🤖 AI Summary
This work addresses the lack of computable criteria for evaluating whether mechanistic priors genuinely improve sample efficiency in sequential decision-making. We introduce the concept of “mechanistic information,” quantifying the mutual information between a model’s recommended policy and the true optimal policy, and combine it with an occupancy-weighted bias metric to establish a matching bound between Bayesian regret and residual entropy. This framework provides both theoretical characterization and empirical validation of the value of mechanistic priors. Through hybrid mechanistic modeling, information-theoretic analysis, and pharmacokinetic simulations on a 5-FU dosing task, we demonstrate that mechanistic priors substantially enhance early-stage sample efficiency, whereas large language model priors incur significant mechanistic information loss in safety-critical settings.
📝 Abstract
Hybrid mechanistic models, physical priors with learned residuals, promise to reduce the data required for good decisions, but have no computable criterion to test this. We characterize the value of mechanistic priors in sequential decision-making within both asymptotic and burn-in regimes. To formalize this, we introduce the mechanistic information of a model -- the mutual information between the model's recommended policy $\hatπ$ and the true optimal policy $π^*$ -- quantified via an occupancy-weighted bias $B_μ$. In the asymptotic regime (large $N$), matched bounds reveal that Bayesian regret scales with the residual entropy $H_{\mathrm{mech}}$, delivering a theoretical sample complexity reduction of $H(μ)/H_{\mathrm{mech}}$ compared to an uninformed baseline. Furthermore, we provide a model certificate to determine empirical sample efficiency. Complementarily, in the clinically relevant burn-in regime (small $N$), we establish a lower bound on the penalty incurred by confidently wrong priors.
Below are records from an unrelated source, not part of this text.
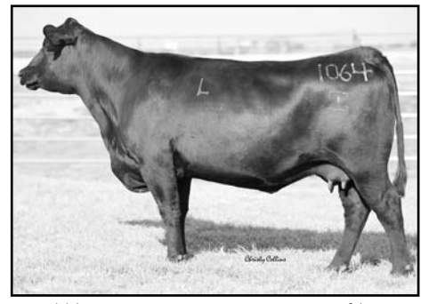
LOT 444 • GAR FUTURE DIRECTION L1064

L1094 demonstrated an even more impressive production record on her first calf sired by Objective, (the Lot 4 bull 7486) than her sister 2413. This cow is truly destined to be one of the elite cows in our history.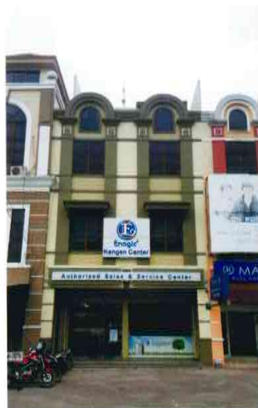
Office building bearing a massive Enagic logo 巨大なエナジックのロゴマークを掲げたオフィスビル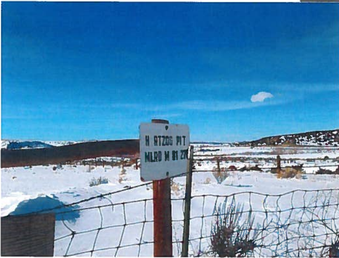
Mine Identification Sign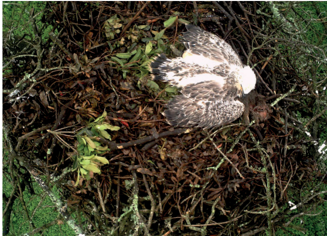
Female C3 71

Ltl Acom ◀ 060°F 016°C 11/28/2013 10:55:10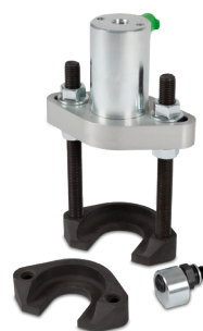
Art. no. I-BEU110/21025

For use with either an air-driven or hand pump.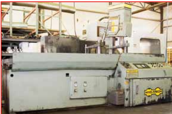
HYD-MECH VERTICAL BAND SAW

Welding Positioner , w/Vari Speed 0–5° tilt, 12-1/4" table.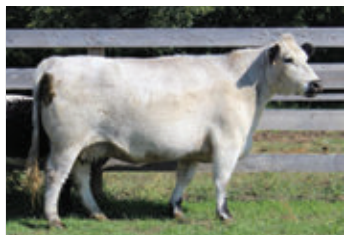
Calico Creek Day Dream 8- Dam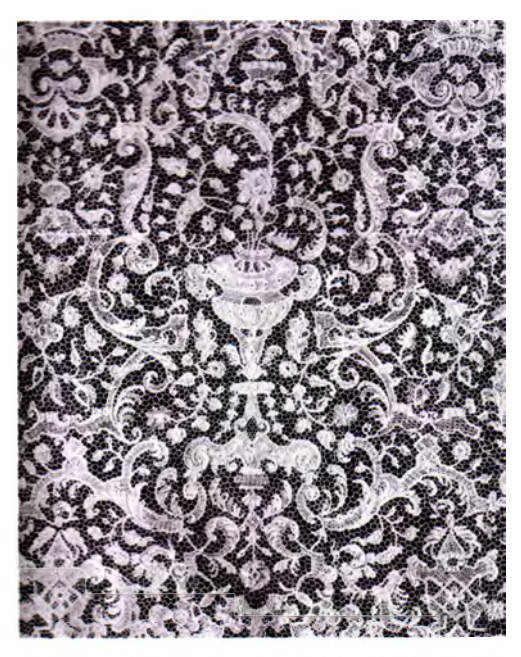
The Journal of the Australian Society of the Lacemakers of Calais Inc.

Volume 27, No 3, Aug 2009 (Issue 104) ISSN 0815 - 3442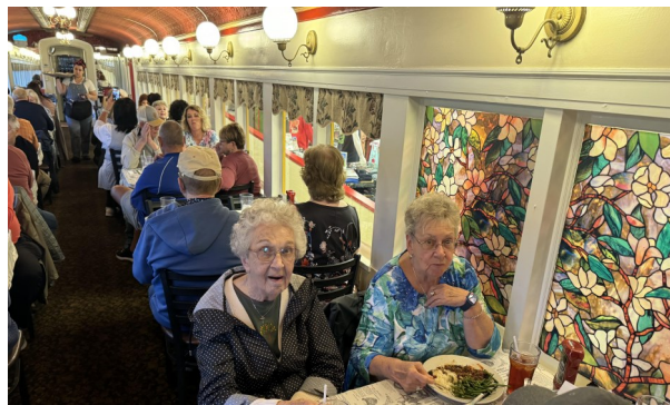
While we were in Amish Country, we took a train ride and enjoyed a wonderful meal. We also had a horse and buggy ride to visit an Amish farm. Our weather was wonderful and so was the food.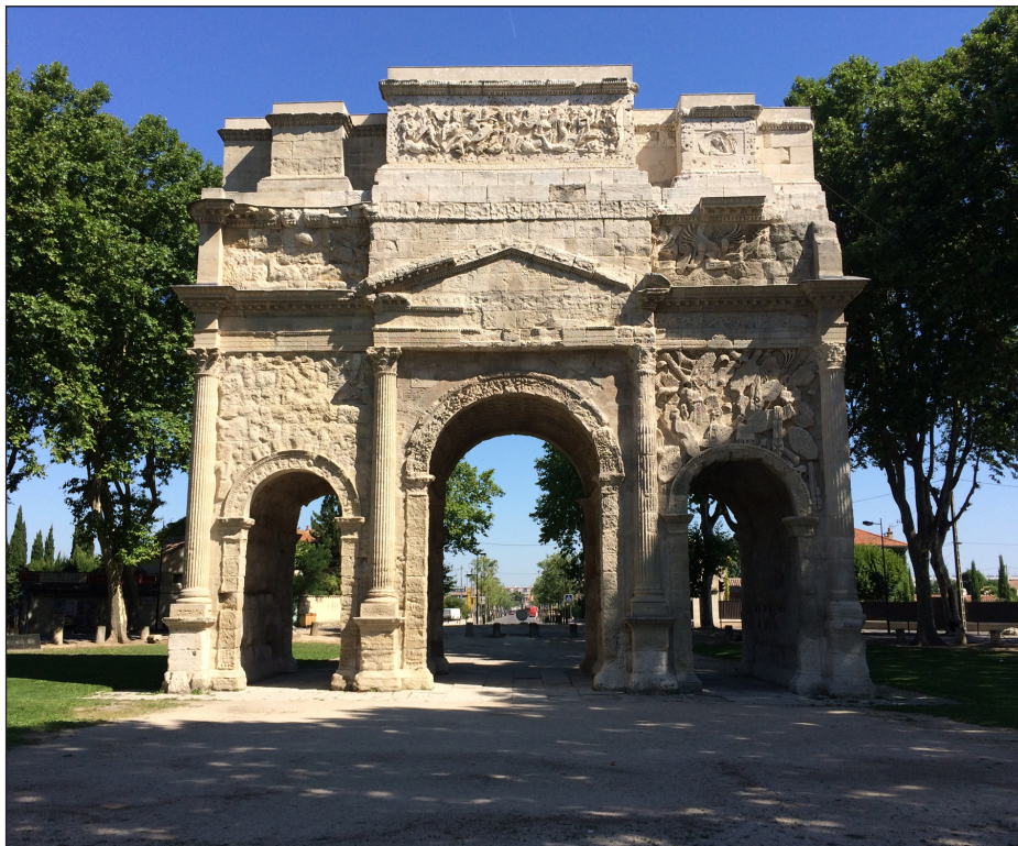
Figure 2: Orange, Arch (Author's photo 2015).

The monument presents a complex visual program composed of reliefs that depict spoils, trophies, scenes of battle, captives, and allegorical figures. These panels employ the technique of incised contours with a great degree of variation. For example, it appears in the frieze, running around the four sides of the arch, to outline the pairs of Roman and barbarian fighters engaged in single combat ( Figure 3 ). It also features prominently in the reliefs that occupy the spaces above the lateral arches, depicting heaps of spoliated weapons and armor. In those, the technique was used to add decorative details and to label some of the objects represented, such as the names of Gallic chieftains inscribed on the shields. Elsewhere on the monument, especially on the reliefs that display naval spoils on the first attic, the technique is used much more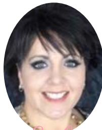
Barbie Shaw Unit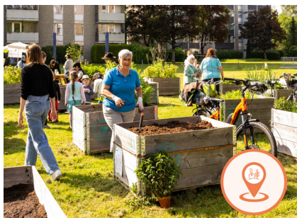
GARDEN ISLAND WEST + EAST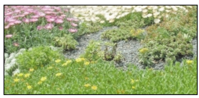
Sedums flourishing in extensive SOILMatrix blend

Designers can count on SOILMatrix to be predictable, stable and highly dependable for the duration of the greenroof. The planting media mixture will vary depending on the climate region, application, aggregate and types of plantings specified. For optimal results it is essential to consult with the SOILMatrix supplier during the design phase of the project.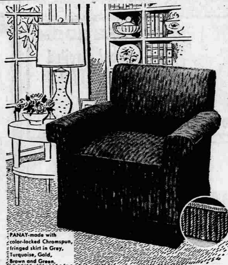
PANAY—made with color-locked Chromspun, fringed skirt in Grey, Turquoise, Gold, Brown and Green.

it's here . . . the Shelton Stroller for June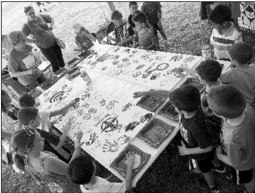
(above) Children participating in the creation of the Somerset County Community Mural which will be on tour to all of the Somerset County libraries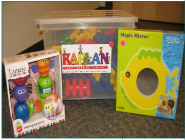
Pictured here is a colorful bug stacker, a fun linking set and a baby mirror!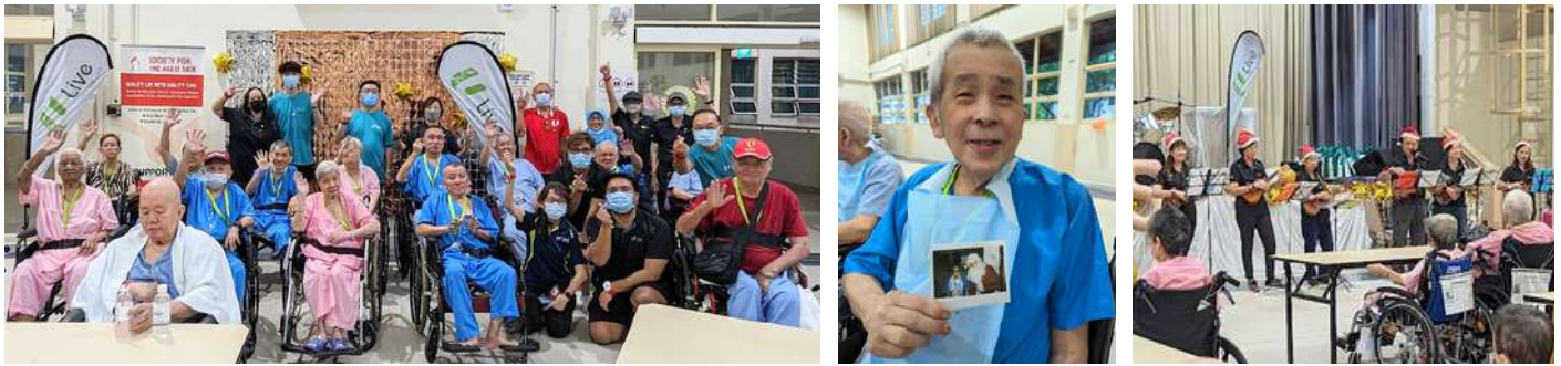
NTUC Club visits with a Ukulele group and Santa Claus!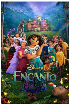
Friday, June 10th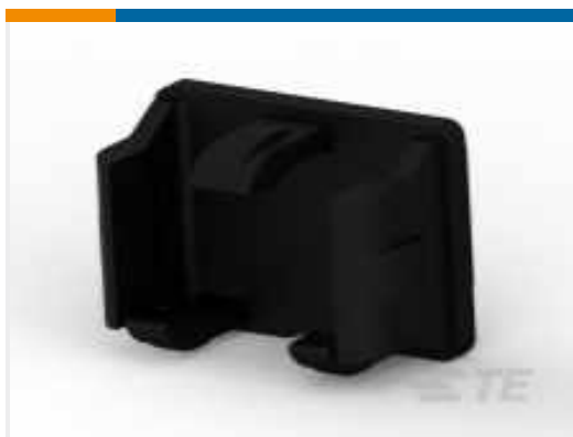
TE Part # 1367147-1 SFP COVER, UNPLATED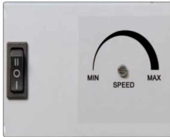
Fan Speed Adjuster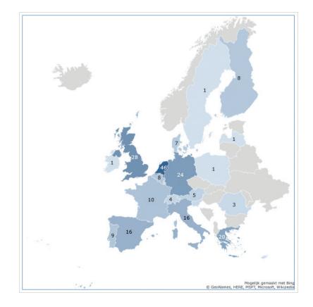
Fig. 11.1 Countries represented by workshop participants (Total N=215) *Three private-sector delegates represented organisations from the United States.

Table 11.1: Sectors represented by workshop participants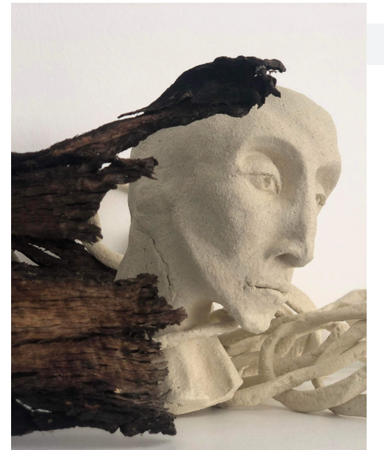
Shaping the Space of Our Future (detail), 2022 stoneware clay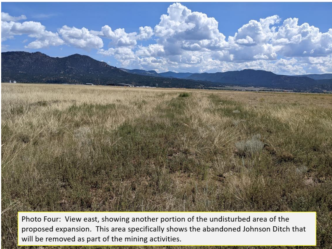
Photo Four: View east, showing another portion of the undisturbed area of the proposed expansion. This area specifically shows the abandoned Johnson Ditch that will be removed as part of the mining activities.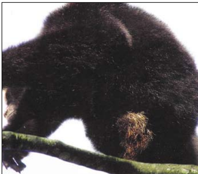
Figure 2. Adult male eastern hoolock gibbon ( Hoolock leuconedys ) showing the genital tuft.

This range extension lies between the rivers Dibang and Lohit. Although further, more detailed, studies are needed, it is evident that forest loss and fragmentation due to expansion of tea gardens, ginger and mustard cultivation, horticulture, jhum cultivation, and rice paddies is a major threat to the species in this area. In 2007, a team of forest officers of the Arunachal Pradesh government, under the supervision of Mr. C. Loma of the Deputy Conservator of Forests (DCA) (Director, Biological Park, Itanagar), rescued 12 individuals of eastern hoolock gibbon (in four groups) from the Dello village in the Koronu Circle area in the Lower Dibang valley district. The gibbons had been trapped in a very small remnant forest with very few trees left standing. The rescued gibbons are now in the Zoological Park at Itanagar, the capital of Arunachal Pradesh. The Koronu Circle area on the fringe of the Mehao Wildlife Sanctuary and Turung Reserve Forest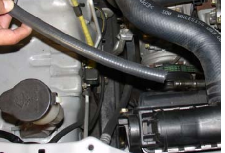
The 14" -10mm hose is pressed over the charcoal canister hard pipe.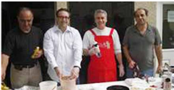
Servers at Ice Cream Party

Hope to see everybody at the next convention and we promise an exciting Labor Day weekend in Las Vegas, and Good Luck to all the poker players.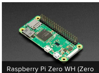
Raspberry Pi Zero WH (Zero)

We demonstrate both the asymptotic and burn-in bounds across 5-fluorouracil (5-FU) dosing simulations motivated by published FOLFOX pharmacokinetic data, where a hybrid prior yields large sample-efficiency gains in the burn-in regime. Finally, we contrast these grounded models with LLM priors, demonstrating that LLMs can suffer severe losses in mechanistic information, thereby motivating the exclusive use of physically-grounded priors for safety-critical applications.